And then there’s the whole food thing: The hotel donated what they had to eat when the quarantine took hold, and he has had to scramble to resupply everything at a time when every other property in town is doing the same.

“It’s been challenging,” Taylor says, “but it’s coming back together.”

Guest service representatives wear protective masks and gloves while checking people in at TI o ...
Guest service representatives wear protective masks and gloves while checking people in at TI on Thursday, June 4, 2020, in Las Vegas. (Benjamin Hager/Las Vegas Review-Journal) @benjaminhphoto

The big day

It feels like the first day of school, Bud Light and Buddha-themed slots in place of textbooks.

It’s a bit past 9 a.m. on Thursday, and Treasure Island is back in action, a sleeping giant awakened just in time for breakfast.

Cocktail servers and housekeepers, security staff and maintenance workers huddle among themselves, greeting one another like kids catching up with their friends after summer break.

Though the doors have just opened, already there are about two dozen people lined up at the registration desk, where they have their temperature taken before receiving room keys.

Early check-in fees have been waived for the day.

Security officers Rowell Briones, middle, and Chandler Moon, take guests temperatures before al ...
Security officers Rowell Briones, middle, and Chandler Moon, take guests temperatures before allowing them to check in at TI on Thursday, June 4, 2020, in Las Vegas. (Benjamin Hager/Las Vegas Review-Journal) @benjaminhphoto

The first three guests were upgraded to suites for free.
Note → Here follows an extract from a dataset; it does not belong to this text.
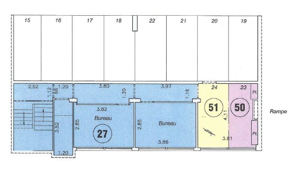 Sur 3 niveaux avec entrée indépendante sur rue, en rez-de-chaussée et sous-sol, 860 m² de bureaux et locaux polyvalents rénovés.
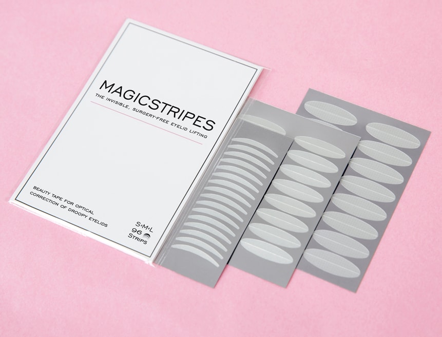 Magicstripes ist eine beeindruckende Beauty-Technik aus Japan, die zu den neuesten wissenschaftlichen und technologischen Errungenschaften auf dem Gebiet der Gesichtspflege zählt. Die Magicstripes Produkte glätten die Augenlider schnell und wohltuend und sorgen für eine frischere, straffere Haut – ganz ohne Visagistin. Die kleinen, innovativen Gesichtsmasken konzentrieren sich gezielt auf die Haut über den Augen und ermöglichen ein langanhaltendes Eyelid-Lifting, das die Haut sofort sichtbar strafft.

On the casino floor, Florence and the Machine soundtrack the action over the hotel PA system

“We all have a hunger!” she sings, said hunger currently being satiated by myriad games of chance, dice the size of bowling balls tumbling beneath a plastic bubble during a video craps game; slot machines digitally approximating the rattle of clinking coins when reels align into a winner.

A pair of poker tables are full, three players seated at each.

The scent of cigarettes and coffee is starting to fill the air, a familiar, early morning fragrance.

It’s not exactly business as usual, but business nonetheless.

Jennifer Renzelman, Treasure Island’s vice president of communications, takes it all in.

She acknowledges getting a little teary eyed when operations officially resumed an hour and a half ago.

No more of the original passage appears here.